ABOUT THIS TASK: The result should be an exact copy of only the lines from the one with "Campo girante provocado" through the last line of the data below, with pictures omitted.

SUPPLIED INFORMATION:
^^^^^^^^

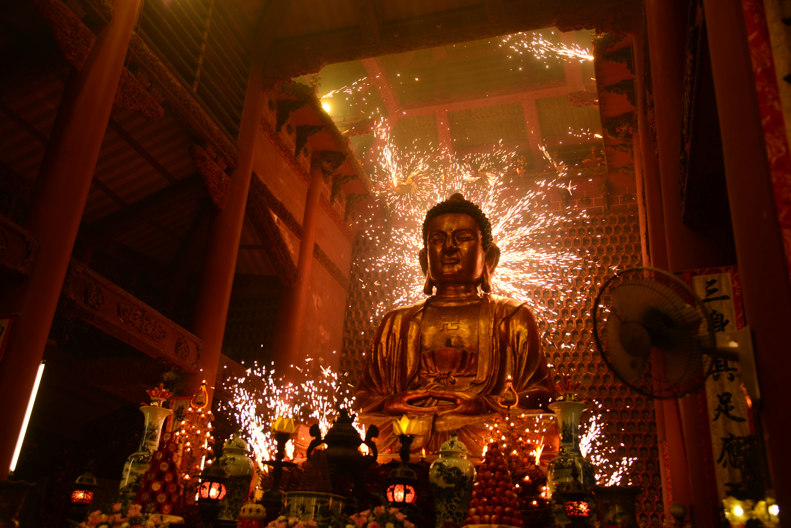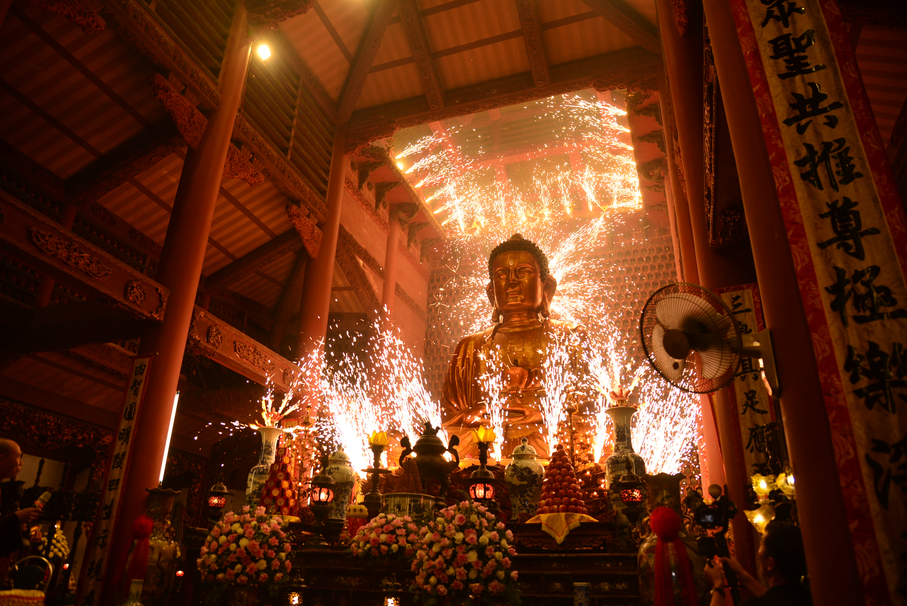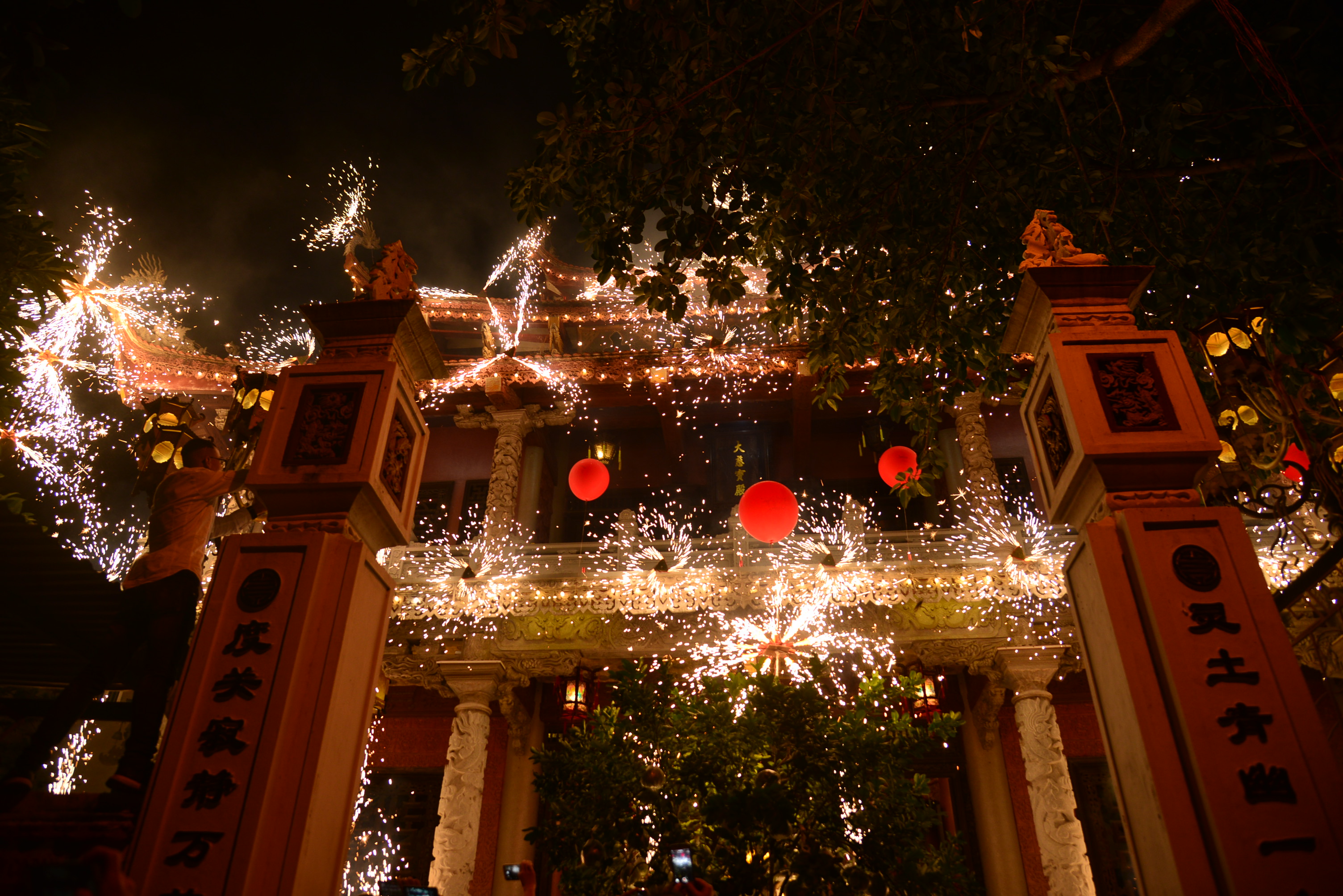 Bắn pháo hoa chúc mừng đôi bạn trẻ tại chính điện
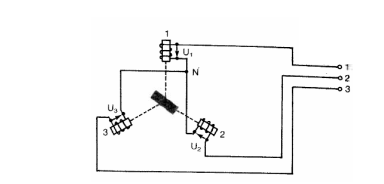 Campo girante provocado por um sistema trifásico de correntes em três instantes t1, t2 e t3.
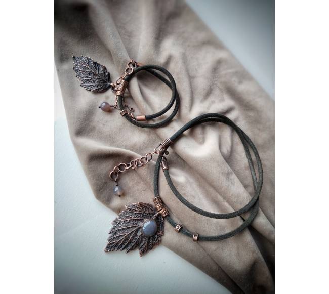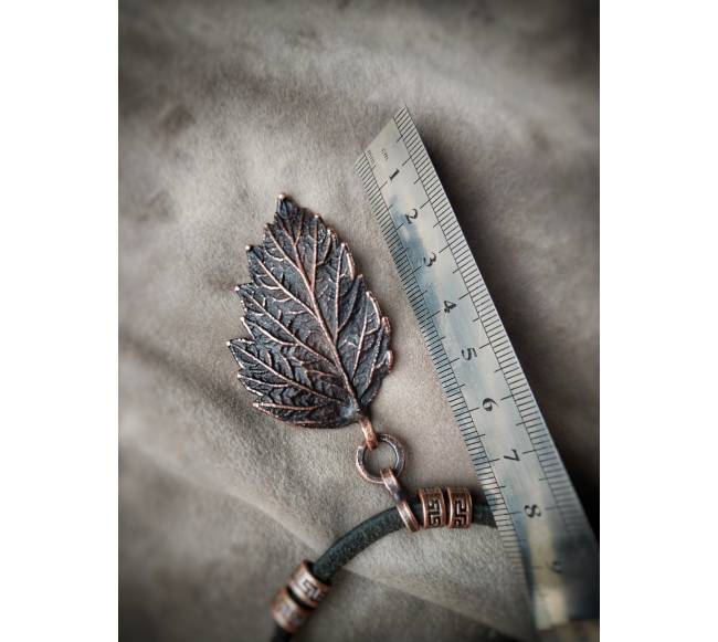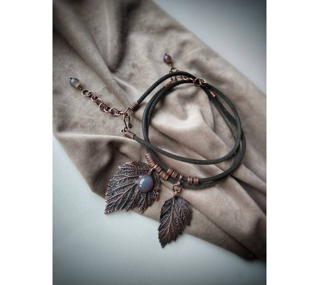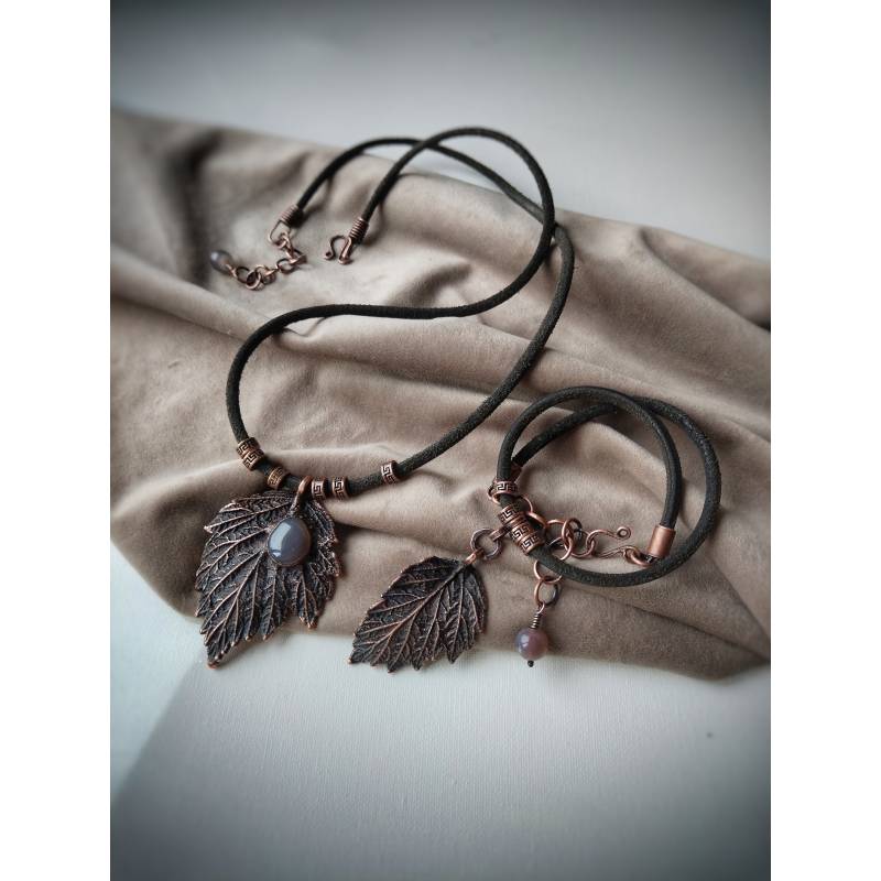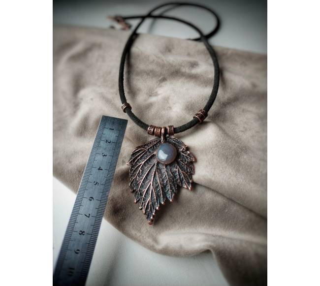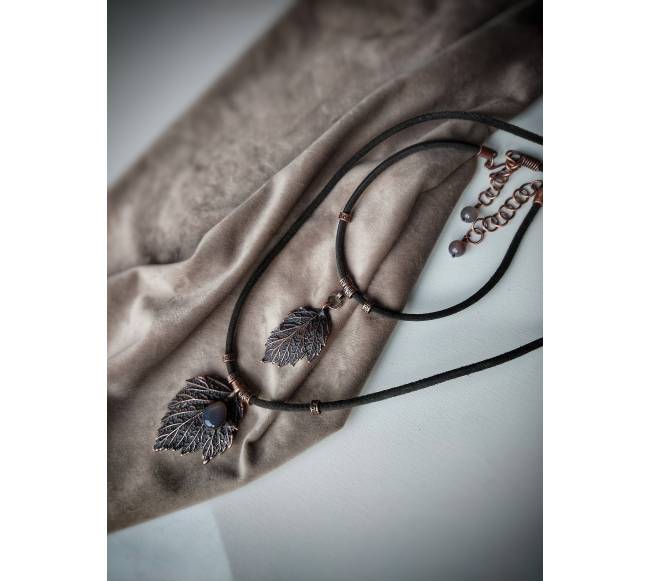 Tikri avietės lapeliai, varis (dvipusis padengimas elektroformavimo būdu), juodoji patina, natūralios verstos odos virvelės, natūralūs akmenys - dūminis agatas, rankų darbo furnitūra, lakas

^^^^^^^^

RESPONSE AREA:
 Campo girante provocado por um sistema trifásico de correntes em três instantes t1, t2 e t3.
 Tikri avietės lapeliai, varis (dvipusis padengimas elektroformavimo būdu), juodoji patina, natūralios verstos odos virvelės, natūralūs akmenys - dūminis agatas, rankų darbo furnitūra, lakas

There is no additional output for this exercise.